▶ **Data**
^^^^

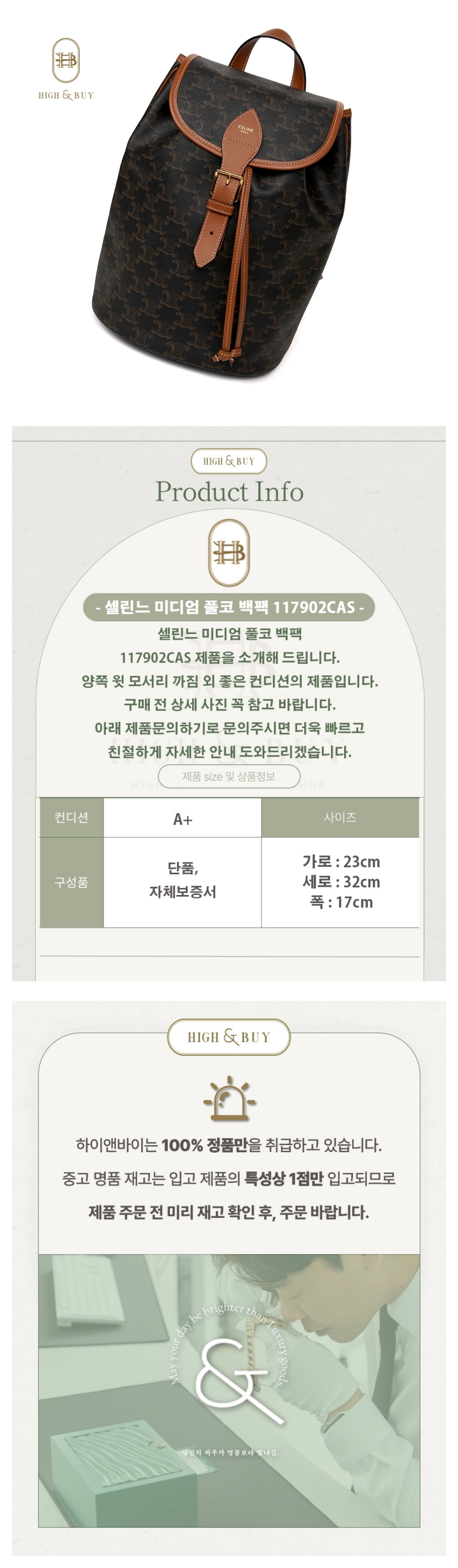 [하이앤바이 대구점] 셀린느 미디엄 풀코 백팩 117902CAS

^^^^

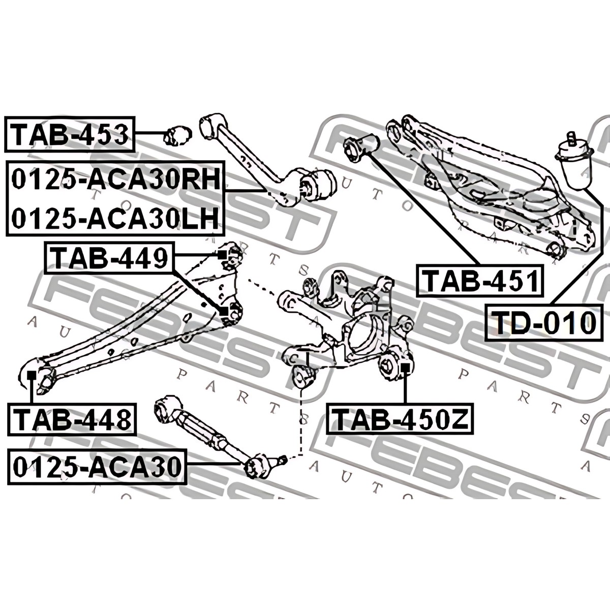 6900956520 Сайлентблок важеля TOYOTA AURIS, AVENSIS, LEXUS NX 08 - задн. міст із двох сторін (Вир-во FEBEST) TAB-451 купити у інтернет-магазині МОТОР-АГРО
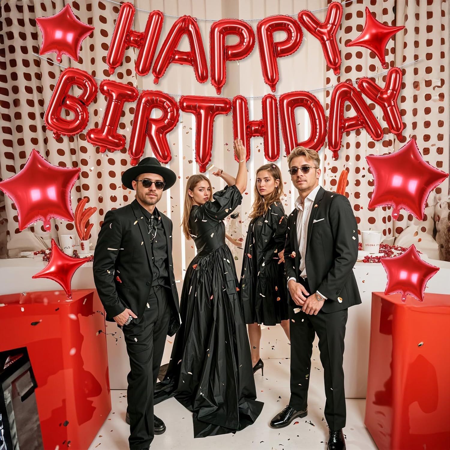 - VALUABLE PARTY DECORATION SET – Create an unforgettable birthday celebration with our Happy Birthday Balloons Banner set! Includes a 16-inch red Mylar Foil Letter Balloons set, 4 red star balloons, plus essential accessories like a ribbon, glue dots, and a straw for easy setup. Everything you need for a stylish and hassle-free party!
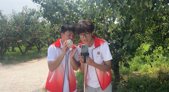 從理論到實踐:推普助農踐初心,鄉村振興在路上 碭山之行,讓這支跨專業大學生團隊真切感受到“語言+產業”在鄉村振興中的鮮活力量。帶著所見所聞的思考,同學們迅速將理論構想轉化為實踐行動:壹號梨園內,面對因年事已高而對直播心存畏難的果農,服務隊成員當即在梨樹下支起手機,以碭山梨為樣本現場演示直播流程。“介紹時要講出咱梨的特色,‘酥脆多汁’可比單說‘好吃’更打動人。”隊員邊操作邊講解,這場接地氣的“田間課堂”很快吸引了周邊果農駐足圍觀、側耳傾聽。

^^^^

▶ **Required action**
Reproduce exactly the lines of the data above that run from the line with "- VALUABLE PARTY" down to the line with "從理論到實踐:推普助農踐初心", both ends included. Pictures do not belong in the copy.

▶ **Completed task**
 - VALUABLE PARTY DECORATION SET – Create an unforgettable birthday celebration with our Happy Birthday Balloons Banner set! Includes a 16-inch red Mylar Foil Letter Balloons set, 4 red star balloons, plus essential accessories like a ribbon, glue dots, and a straw for easy setup. Everything you need for a stylish and hassle-free party!
 從理論到實踐:推普助農踐初心,鄉村振興在路上 碭山之行,讓這支跨專業大學生團隊真切感受到“語言+產業”在鄉村振興中的鮮活力量。帶著所見所聞的思考,同學們迅速將理論構想轉化為實踐行動:壹號梨園內,面對因年事已高而對直播心存畏難的果農,服務隊成員當即在梨樹下支起手機,以碭山梨為樣本現場演示直播流程。“介紹時要講出咱梨的特色,‘酥脆多汁’可比單說‘好吃’更打動人。”隊員邊操作邊講解,這場接地氣的“田間課堂”很快吸引了周邊果農駐足圍觀、側耳傾聽。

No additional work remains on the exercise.